2. Experimental section

2.1. Preparation of Gloriosa superba rhizome extract

Rhizomes of G. superba L. were collected from Thuraiyur, Tamil Nadu, India and washed under tap water to remove soil substances. About 50 g of rhizome sample was sliced and ground with mortar and pestle by adding 100 mL of sterile distilled water and boiled under microwave oven at 60 °C for 15 min. Then, the boiled rhizome mixture was allowed to coldish at normal temperature and filtered over a Whatman No. 1 filter paper.

2.2. Fabrication and characterization of titanium dioxide nanoparticles (TiO2·NPs)

The prepared rhizome extract was used for fabrication of TiO2 NPs successive the method of Keerthika et al. [Citation9]. About 100 mL of rhizome extract was fused with 900 mL of TiO(OH)4 solution (5 mM) and incubated for 48 h. The bioreduction of titanium ions was subjected to UV–visible spectroscopy (Shimadzu, UV-1800) in the observation ranging between 300 and 700 nm. After biosynthesis, the solution mixture was centrifuged for 10 min and the nano pellet was rinsed three times with sterile distilled water to pull out contaminants from synthesised TiO2 NPs. The transparent nanotitania were dried and study for further characterization of nanotitania catalysts. The presence of promising bioactive molecules involved in the reduction and capping of TiO2 NPs was identified by Fourier transform infrared (FTIR) analysis using an FTIR spectrometer (Bruker Tensor). The crystalline structure and size of the TiO2·NPs were detected by X-ray diffraction (XRD) analysis (Rigaku mini flex II). In addition, the morphology and shape of the TiO2 NPs were determined by Field emission scanning electron microscope (FESEM, Carl Zeiss Ultra55 model) and the elemental configuration of the TiO2·NPs was proved by Energy dispersive X-ray (EDX) analysis.

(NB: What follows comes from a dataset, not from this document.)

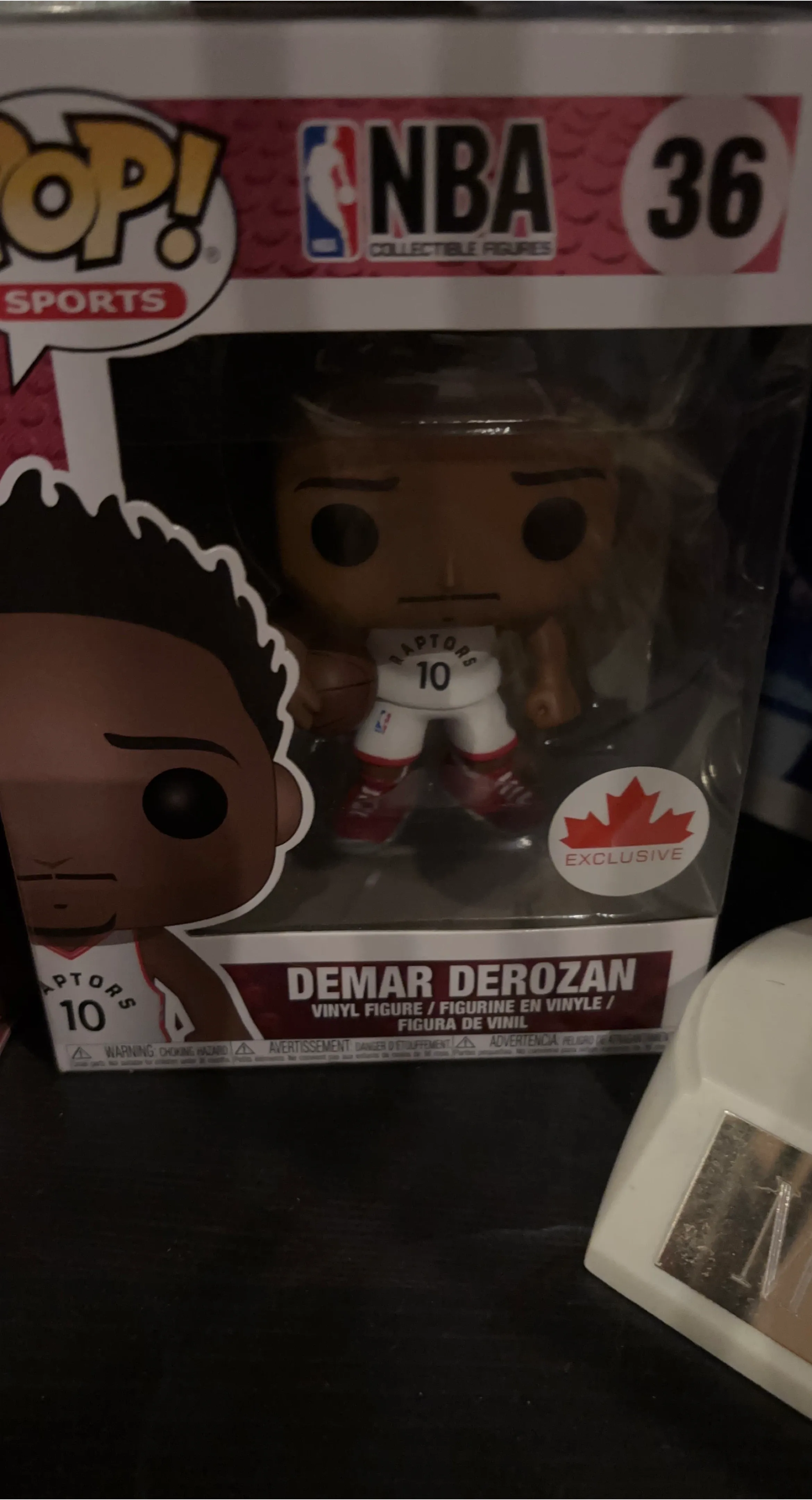 Selling a Funko Pop! NBA collectible figure of Demar Derozan in his Raptors jersey! It's #36 in the series and a Canadian exclusive, still in its box. A great addition for any basketball or Funko collector!

2.3. Antibacterial activity assay of bio-fabricated nanotitania catalysts

The antibacterial potential of TiO2·NPs was determined against clinically isolated harmful human pathogens namely E. coli, S. aureus, S. epidermidis, P. aeruginosa, E. coli, K. pneumoniae and P. vulgaris by the standard disc diffusion method [Citation9]. The painful bacterial pathogens were obtained from Mohan Kumaramangalam Government Medical College Hospital, Salem. Such microbial pathogens were maintained in nutrient agar (NA) slants and subcultured frequently in the laboratory. A loop full of the bacterial strains were added into nutrient broth medium and incubated on a rotary shaker at 37 °C overnight with the turbidity comparable to 0.5 Mc Farland standards. The prepared nutrient agar was sterilised by autoclaving on 121 °C for 15 min and the nutrient agar was spill into sterile petri plates for solidifying. After solidification, uniformly spread the bacterial culture over the plates by swab method. The sterile discs were placed onto solidified NA plates. Dried TiO2 NPs were diffuse in sterile distilled water (5 mg/mL). Aqueous rhizome extract (5 µL) and TiO2 NPs (5, 10 µL) were aliquoted and added onto sterile discs. Streptomycin discs were used in the act of positive control. The plates were stored in an incubator for overnight at 37 °C. Over the incubation period, around the disc, the inhibition of bacterial growth was noticed and measured.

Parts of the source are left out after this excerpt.